Items from a dataset:
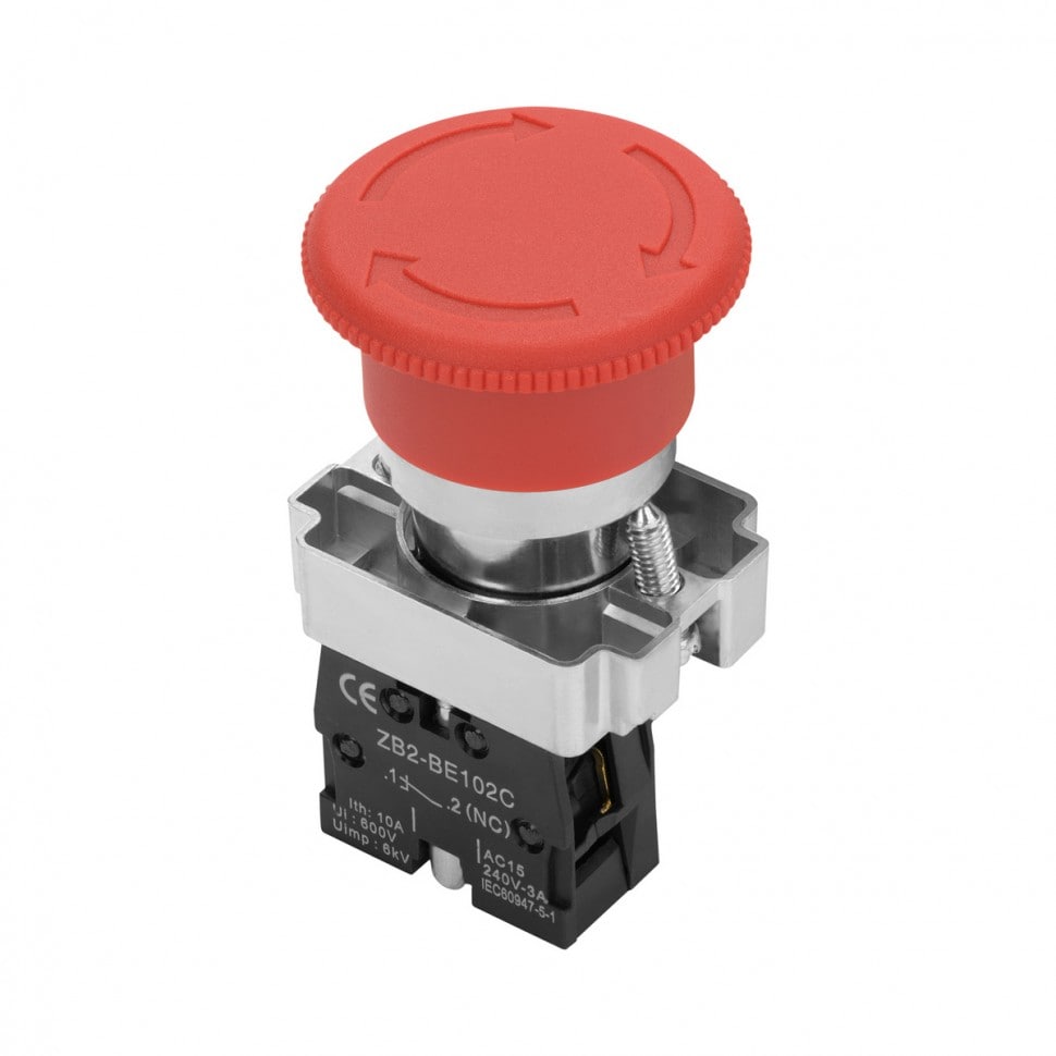 Конструкция кнопки предусматривает поворотный механизм возврата, исключающий случайное включение. Корпус выполнен из ударопрочного пластика и металла, обеспечивающего долговечность и устойчивость к механическим повреждениям.
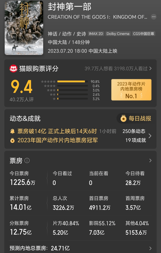 搜狐娱乐讯 (哈麦/文)截止8月4日,《封神第一部》上映第16天,累计总票房突破了14亿元,场均人次一直排在第一,猫眼专业版预测其预计最终总票房将奔25亿元。
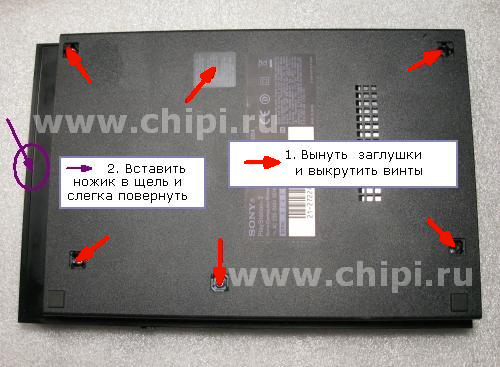 или скальпель ) и просовываем в щель корпуса ( место обозначено лиловым
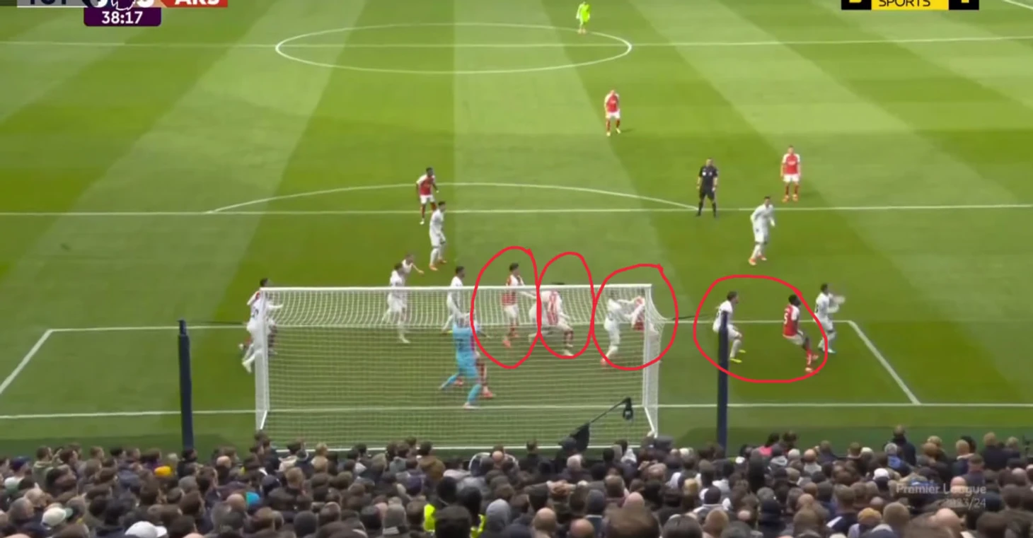 Не сказать, что Арсенал прям выдал в атаке что-то невероятное. Они, как я уже и говорил, воспользовались слабой точкой Тоттенхэма в контратаке. Ну и стандарты, в этом сезоне в Арсенале с ними все в порядке. Смотрите в чем идея. Тоттенхэм обороняется зонно, каждый игрок ответственен за свою зону и соответственно играет в ней. Арсенал же применил стратегию против такой зонной обороны. Сначала все игроки строились на дальней штанге. Задача была прибежать за доли секунды до подачи в зону к каждому игроку и сыграть перед ним. Вот как-то так.
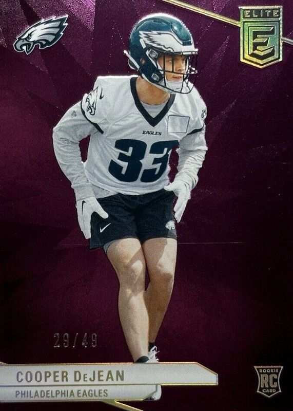 COOPER DEJEAN 2024 PANINI DONRUSS ELITE PURPLE FOIL ROOKIE #/49. RARE.
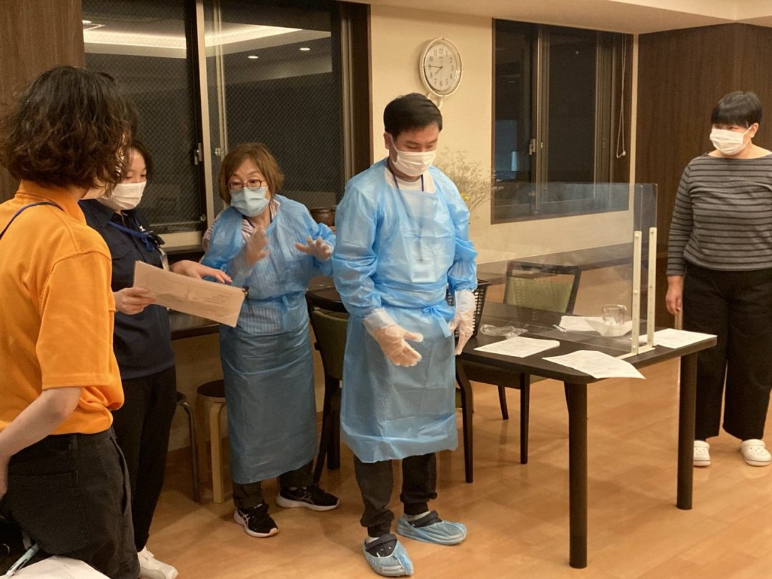 今回の施設内研修は「嘔吐物の処理の方法を学ぶ」です。感染性胃腸炎が疑われる人の嘔吐物などは、すぐに適切な対応を行わないと感染拡大の原因となってしまいます。
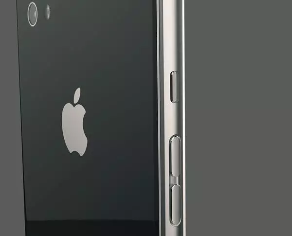 首先这款设计采用了铝合金圆角的设计。音量键依然和现在的 iPhone 设计一致,但设备整个中部的设计有点像被塑胶包裹。给人的感觉有点像 iPhone4,整体感觉有点笨重,但不一定是坏事。

What you are asked to do
The full set of entries should be transcribed exactly, pictures left aside.

Response to this exercise
 Конструкция кнопки предусматривает поворотный механизм возврата, исключающий случайное включение. Корпус выполнен из ударопрочного пластика и металла, обеспечивающего долговечность и устойчивость к механическим повреждениям.
 搜狐娱乐讯 (哈麦/文)截止8月4日,《封神第一部》上映第16天,累计总票房突破了14亿元,场均人次一直排在第一,猫眼专业版预测其预计最终总票房将奔25亿元。
 или скальпель ) и просовываем в щель корпуса ( место обозначено лиловым
 Не сказать, что Арсенал прям выдал в атаке что-то невероятное. Они, как я уже и говорил, воспользовались слабой точкой Тоттенхэма в контратаке. Ну и стандарты, в этом сезоне в Арсенале с ними все в порядке. Смотрите в чем идея. Тоттенхэм обороняется зонно, каждый игрок ответственен за свою зону и соответственно играет в ней. Арсенал же применил стратегию против такой зонной обороны. Сначала все игроки строились на дальней штанге. Задача была прибежать за доли секунды до подачи в зону к каждому игроку и сыграть перед ним. Вот как-то так.
 COOPER DEJEAN 2024 PANINI DONRUSS ELITE PURPLE FOIL ROOKIE #/49. RARE.
 今回の施設内研修は「嘔吐物の処理の方法を学ぶ」です。感染性胃腸炎が疑われる人の嘔吐物などは、すぐに適切な対応を行わないと感染拡大の原因となってしまいます。
 首先这款设计采用了铝合金圆角的设计。音量键依然和现在的 iPhone 设计一致,但设备整个中部的设计有点像被塑胶包裹。给人的感觉有点像 iPhone4,整体感觉有点笨重,但不一定是坏事。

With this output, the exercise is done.